Huynh Thi Thanh Hien, deputy director of the department, told a review meeting where the figures were tabled that despite facing many challenges such as falling import tariffs due to free trade agreements and difficulties faced by local enterprises, her department and other relevant ones had managed to meet the revenue target set by the Government, which was 17.5 percent higher than in 2017.  

They would try their best to accomplish the revenue targets in 2019 too, she promised.

Her department would coordinate with others such as customs, tax and treasury to intensify tax inspection, strictly deal with tax payment delays and evasion, and abuse of transfer pricing, she said.

It would also help businesses resolve difficulties related to tax and other issues, she said.

Nguyen Thanh Phong, Chairman of the municipal People’s Committee, appreciated the efforts made by the finance department to fulfill the city’s revenue targets.
This year the city has been set a target of 399.1 trillion VND (17.17 billion USD), or 26.3 percent of the country’s total revenues, he said.

The target for domestic collection is 272.32 trillion VND, an increase of 16.4 percent, he said.

“These targets are too high. This means the city must collect 1.53 trillion VND (65.8 million USD) every day. This is a difficult task.”

Therefore, relevant departments and agencies should focus on key solutions to achieve the targets, he said.

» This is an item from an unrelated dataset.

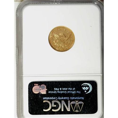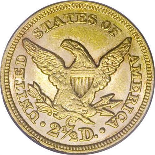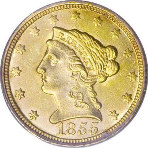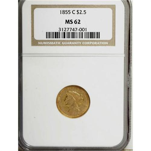 <B>1855-C $2 1/2 MS62 NGC.</B></I> Variety 16-I. "When I first saw this coin I let out an audible gasp," wrote Doug Winter. It is a breathtakingly lovely quarter eagle that is certainly one of the highlights of the Carolina Circle Collection. The overall quality of strike is better than average for the date, and the central obverse shows reasonably good detail. <BR> The best features of this coin, though, are its blazing luster with glowing, unbroken mint frost seen on both sides and lovely natural coloration that combines rich rose-gold and orange-gold hues. The surfaces are also far choicer than one might expect with just a few light nicks visible below a glass. There are no hairlines or mint-made planchet irregularities. This is a simply superb example of one of the rarest quarter eagles from this mint, and a coin that should really be carefully examined in person to determine its proper grade and true value.<BR> Only 3,677 pieces were struck, giving this the lowest mintage figure of any quarter eagle produced at the Charlotte Mint. The 1855-C remains one of the rarest dates in the series based on overall rarity, but it is slightly more available in higher grades than generally realized. We are aware of the following coins that grade Uncirculated:<BR><BR> -Bass II (Bowers and Merena, 10/1999), lot 476 ($41,400; as PCGS MS64). This coin no longer appears in the PCGS database; it was upgraded to MS65 at NGC but does not appear in the NGC Census figures.<BR><BR> -Private collection, Ex: Harry Laibstain, ca. 2000-2001. Graded MS64 by NGC.<BR><BR> -Carolina Circle Collection. Graded MS62 by NGC.<BR><BR> -Kansas Collection. Graded MS62 by PCGS.<BR><BR> -Heritage 2/2006, lot 2646 ($28,175). Graded MS62 by PCGS.<BR><BR> -Heritage 6/2007, lot 2179 ($25,300). Graded MS62 by NGC.<BR><I>From The Carolina Circle Collection.</B></I><BR><BR><B>Coin Engraver:</B> Christian Gobrecht<BR><BR><b>Shipping:</b> Coins & Currency (<a target="_blank" href="http://www.heritageauctions.com/common/shipping.php">view shipping information</a>)

He said the finance department should strengthen measures to ensure full and timely collection in accordance with the law, enhance collection of land use rights when selling State-owned properties, strictly control spending, and speed up equitisation of Stated-owned companies.

Together with tax, customs and treasury agencies it should also focus on administrative reform and improving human resources to increase transparency to foster businesses, he suggested.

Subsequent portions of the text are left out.